Archive for October 21st, 2009

Brown water

Brown water, originally uploaded by mdelamerced.

Manila Water did some work on the water lines earlier. Water seems kinda brown. Eeew.

The “Nook” is impressive


Barnes and Noble today launched their ebook competitor to Sony and Amazon called the “Nook”. And I’m impressed. The photo from Gizmodo in my rumor blog about it last week was the real thing.

Priced at $259, the same as the international edition of the Kindle 2 and the big things about it is the WiFi, color touchscreen and mini SD card support is great. They even provided a good comparison chart on how it stands against the Kindle.

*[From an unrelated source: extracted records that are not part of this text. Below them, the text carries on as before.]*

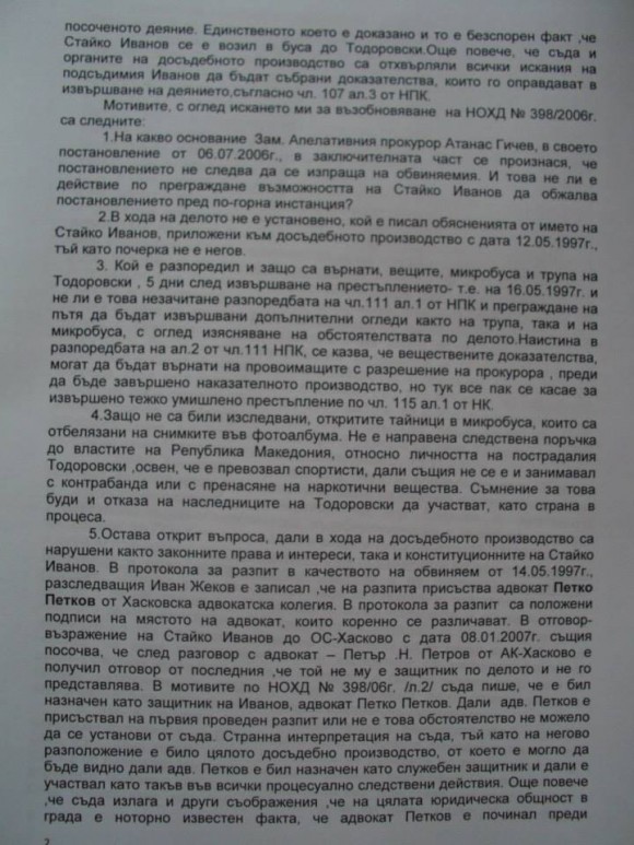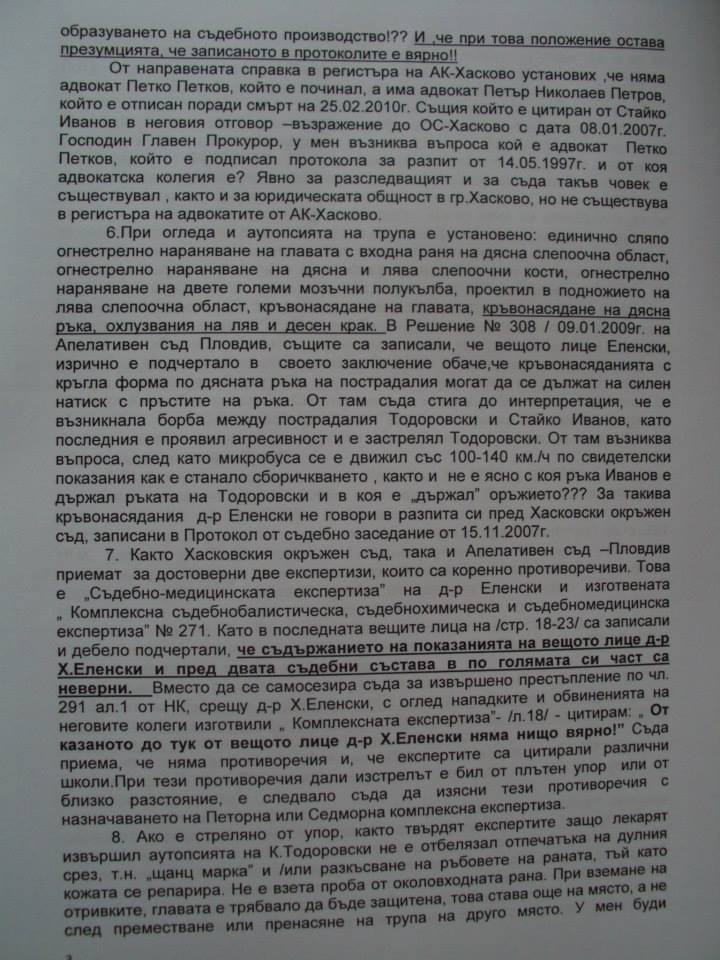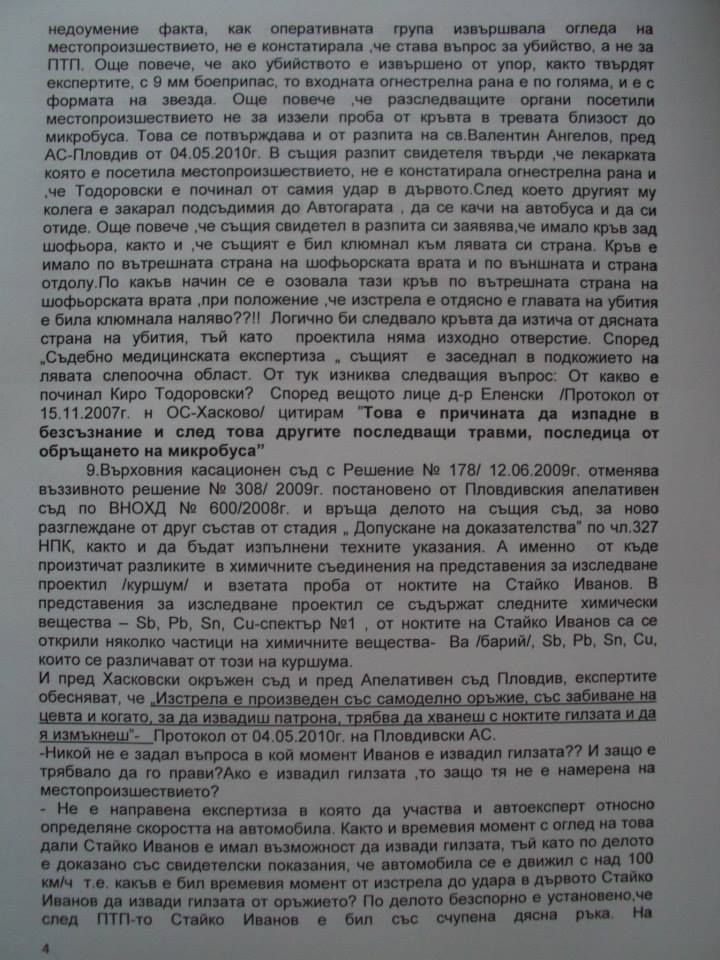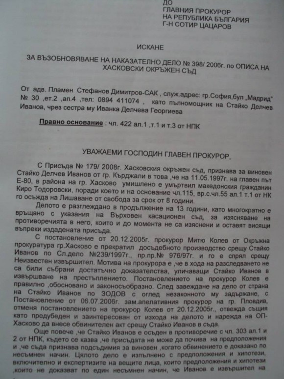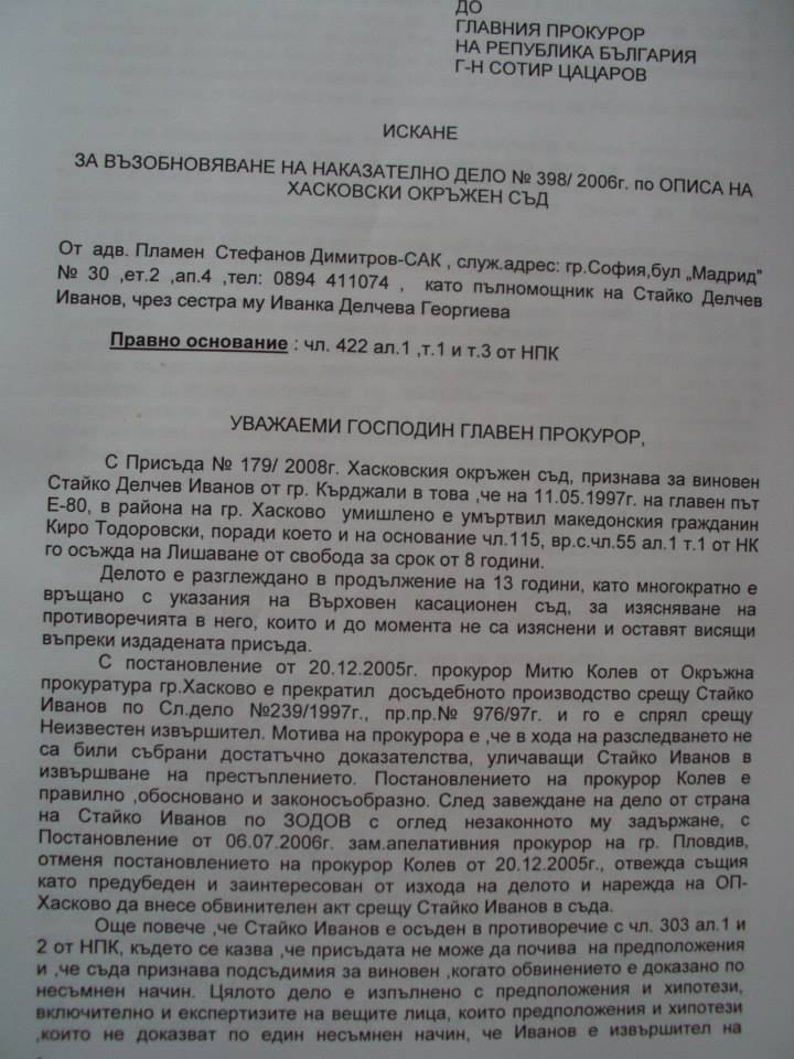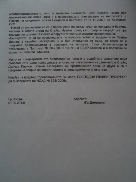 Миналата есен адвокат Пламен Димитров внася жалба с № 10026/ 2.09.2014 г. до български главен прокурор Сотир Цацаров. В жалбата се посочват много неизяснени обстоятелства, свързани с този казус и с доказването на невинността на Стайко Иванов. Факсимилета от страниците й могат да се видят по-долу.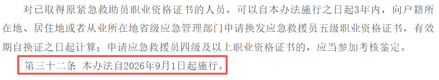 近日,随着《应急救援员职业资格管理办法(试行)》(以下简称《新办法》)征求意见稿的结束,应急管理部会同人力资源社会保障部正式印发该文件,明确 《新办法》自2026年9月1日起施行 。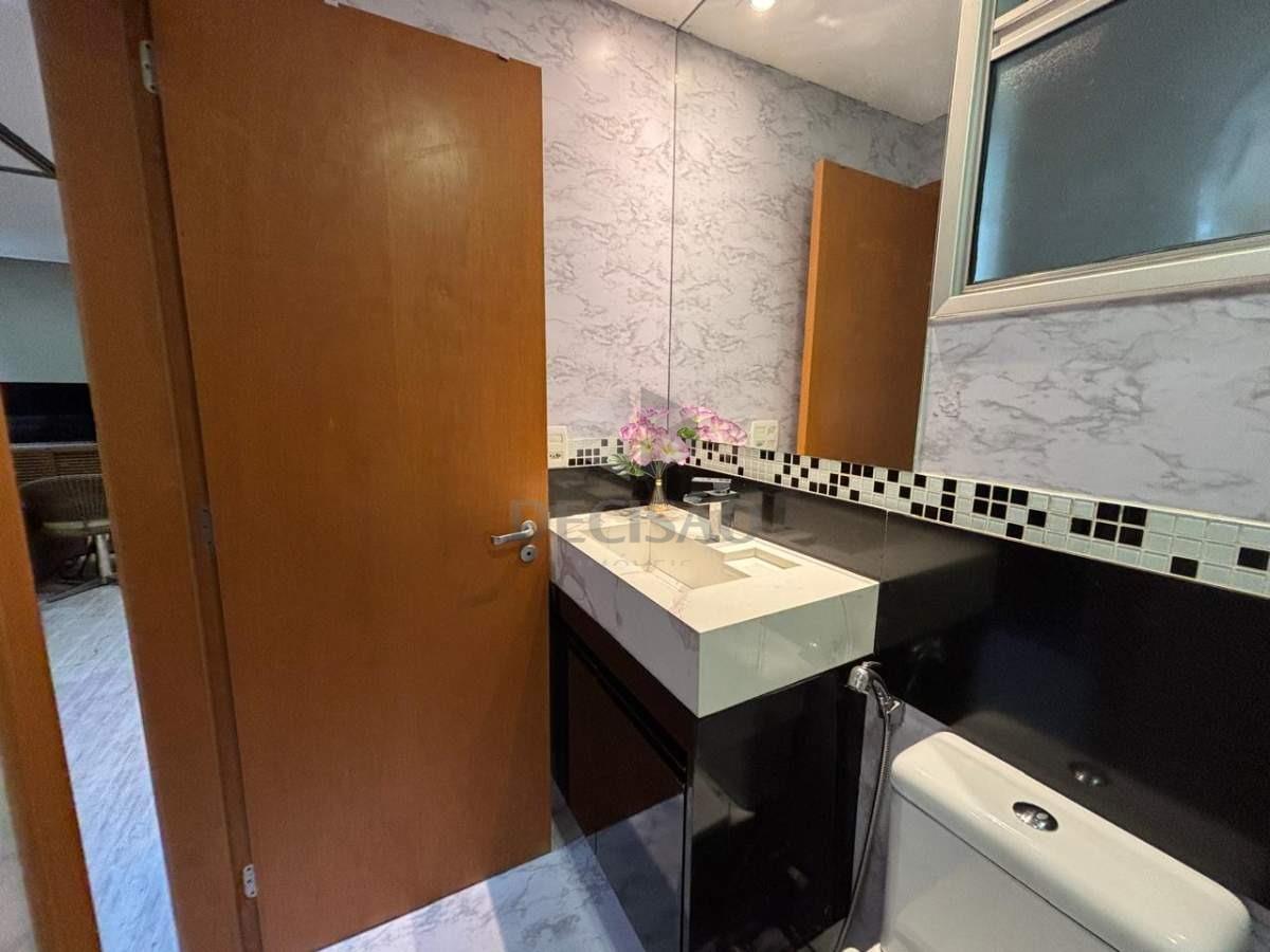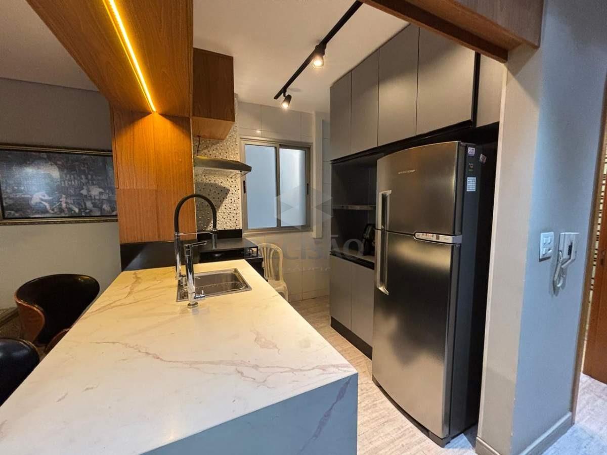 Sala para 02 ambientes (em porcelanato), 02 quartos,( quarto de solteiro transformado em escritório, com painéis para fechar o ambiente), sendo 01 suíte (com box, armários, espelho), banho social (com box, armários, espelho), cozinha americana com bancada em granito, com armários planejados, área de serviços com armários.

It’s important to note that the Nook first creates an environment to enhance the book buying, bookstore and reading experience rather than trying to replace the dead tree books that we usually buy. You read through entire books while inside the actual Barnes and Noble bookstore which is something that you might do in real life. You can share your books with friends digitally which is something that you would do in real life.

The touch screen is a good addition but colored? I know we like to look at our book covers in color but is it really necessary? I would have preferred that the screen is colored. Particularly with books that have colored pictures to be digitally viewable in colored as well in the Nook.

For overseas users who want an ebook reader when we travel or when we live in other places outside the United States are out of luck. The Nook is just for the U.S. (for now I hope). You cannot purchase books via WiFi outside the US. The Nook uses AT&T’s 3G network so there may be hope for the rest of us living outside the US much like the Kindle.

The Nook only has 10 days of battery life compared to the Kindle’s 14. If Apple is indeed at work on a similar device it should either provide a strong argument why the battery doesn’t last for days or the technology behind it allows it to last for days.

The Nook supports various formats that you can put in a 16GB mini SD card including mp3s. It does not support text to audio like the Kindle which got Amazon into some trouble when it was released.

The Nook supports pdf, jpg, gif, png bmp, mpdf, ePub and PDB file formats. You do not have to email these documents for the provider to send it back to you for a nominal fee to be able to read it on the Nook. These can all be done by the user. Yay!

This might not be the perfect eReader out there. But it is a good first step in the right direction. Now I wish all the ebooks are published in a common format that will allow me to buy books from any digital storefront and get the book I want at the lowest price available. That would be something. Especially when we are given the opportunity to write our own books and publish it ourselves. Now that would be totally amazing.


The logo just looks a bit off for me. It looks more like a horseshoe at first glance. Very tempting to buy, but I’ll hold off until I see that device from Cupertino.